Hiring is a huge milestone for small businesses. Whether you are bringing in your first employee or your 50th, discovering the right talent is key. As the job market for skilled employees heats up, you should proactively look for new hires the same way a talent scout discovers the next big thing — track them down and knock their socks off. At Bigcommerce, we recently hired eight new technical support Ninjas through our Rock Your Resume event, which featured 80s glam cover band LC Rocks and a full series of interviews. Now, a rock concert might not be your style, and you probably don’t want to look in dive bars or honky tonks. But you do need to figure out where the best candidates are and find a way to get their attention.
Tune in to your network
The first step is good old fashioned networking. Let friends and family know about the opportunity. This assumes, of course, that you trust the opinions of your friends and family. If your mom lied about your last haircut, you may want to think twice about hiring her bingo buddy’s niece. But getting personal recommendations can make the entire process much faster and easier.
The most efficient way to get the word out is through your social networks. Leverage your friends’ networks by posting on Facebook, LinkedIn and Twitter about the job opening. Keep your posts short and simple with a few important details. If you are looking for an accountant, for example, and that accountant has to know Quickbooks, include that in your post so you don’t set yourself up for some awkward conversations.

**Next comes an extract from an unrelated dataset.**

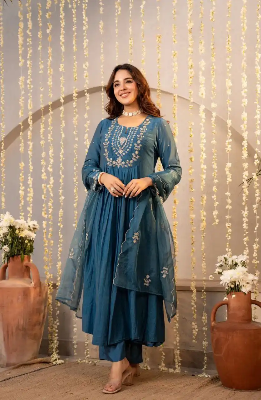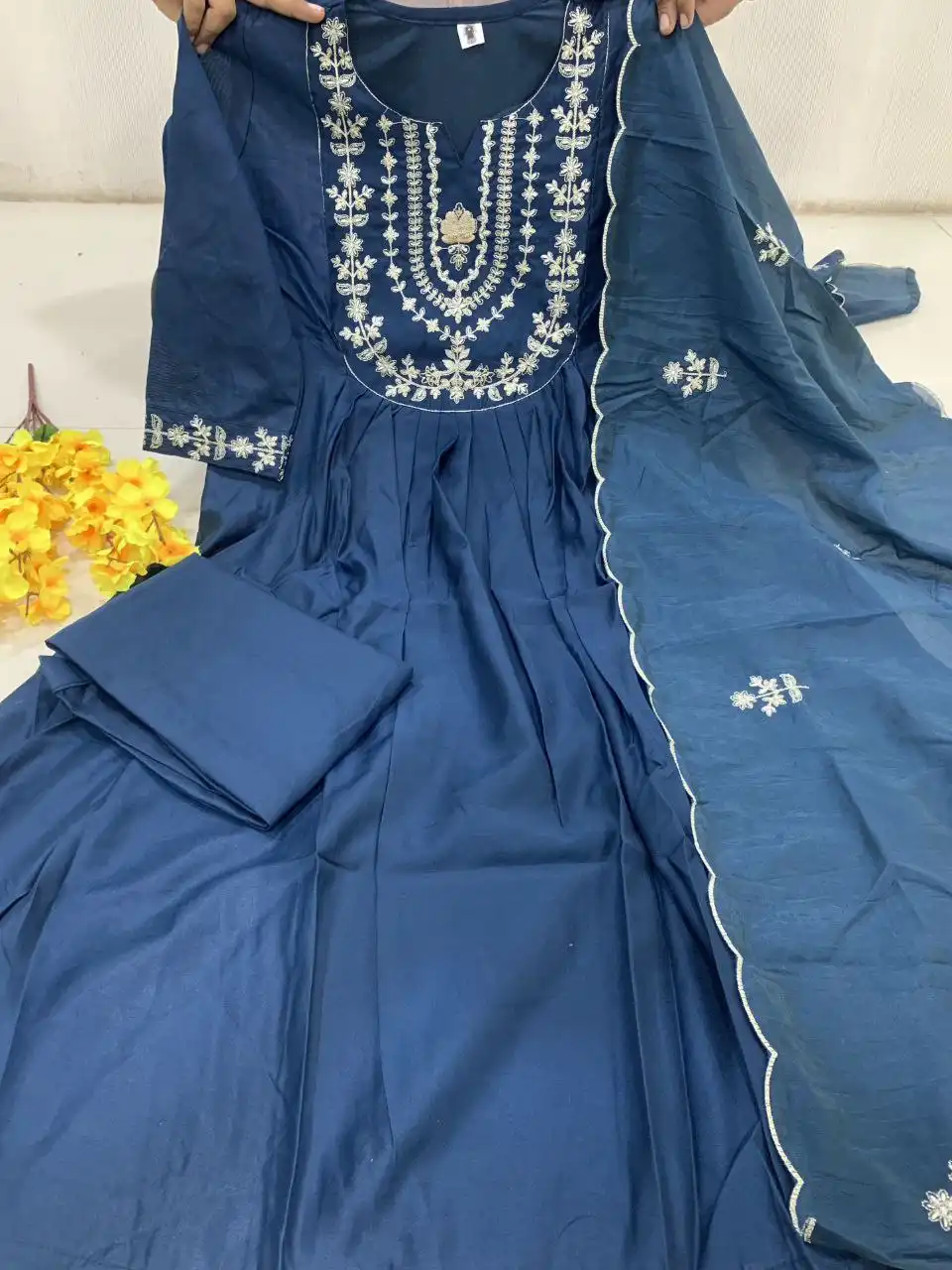 ATQ Vol 57 Chanderi Silk Embroidery Anarkali Kurti Pant With Dupatta Wholesale

You also want to give them an easy way to contact you. A good example of a social posting would be, “Bigccommerce is hiring a rockstar accountant! 2 years experience, Quickbooks a must. Email firstname.lastname@example.org.”
Hit the right notes with your job description
If the friends and family approach doesn’t work, it’s time to move on to the recruiting version of an open casting call. When it comes to public job postings, you need to consider what to post and where to post it. For the what, follow the same guidance as above, making sure you outline what you need and how to get in touch. Job descriptions should include keywords for the position as well as your industry so they show up in relevant searches.
Career sites generally let you put up more than social networks, so you should also use this as an opportunity to stick out from the crowd. Let the candidates know why working for you and doing this job is awesome! Check out some of our Bigcommerce job postings for inspiration. By the way, it is totally acceptable to find “inspiration” from other job postings online. You don’t copy and paste, in addition to being unprofessional that can cause you issues with SEO, but you can find similar companies or job openings and use them as a starting point.
Turn up the volume on your search
Knowing where to put your job listing masterpiece them is the toughest part of this adventure. There are so many outlets for every niche you can imagine. So before you jump in, start thinking through your target audience and your budget.
- Radio and television tend to be the more expensive but have the widest reach. These are good if you have multiple positions, like customer service agents or administrative assistants. Print media also works well for these and can be cheaper.
- The career sites are a little trickier. Your best bet is a comprehensive site like Indeed or Simply Hired that has a large, active audience. But prepare yourself for a deluge of resumes, possibly from a lot of unqualified candidates. The more details and keywords you can add to your posting, the better your results will be.
- Before you go with niche sites, check to see if your competitors or other employers in your geographic area are posting on the site. If they are, jump on the bandwagon and take advantage of regional traffic they are already driving to the site. According to Adam Enfroy, you may also want to consider remote candidates who are interested in online jobs where they can work from home.
- You should also consider posting on Craigslist. I know you aren’t trying to sell a couch, but these job postings are so popular and effective that they are one of the few things Craigslist actually charges for. Depending on your market, it could cost up to $50 per post, but that is a very small price to pay for discovering the right candidate. To get the most bang for your buck, come up with a creative headline and make your posting as detailed as possible. You want to stand out from the crowd while also being descriptive enough to prove you have a legitimate opportunity.
Following these talent scouting principles will help bring the talent to your door. The next step is to audition them to ensure you are getting true rockstars!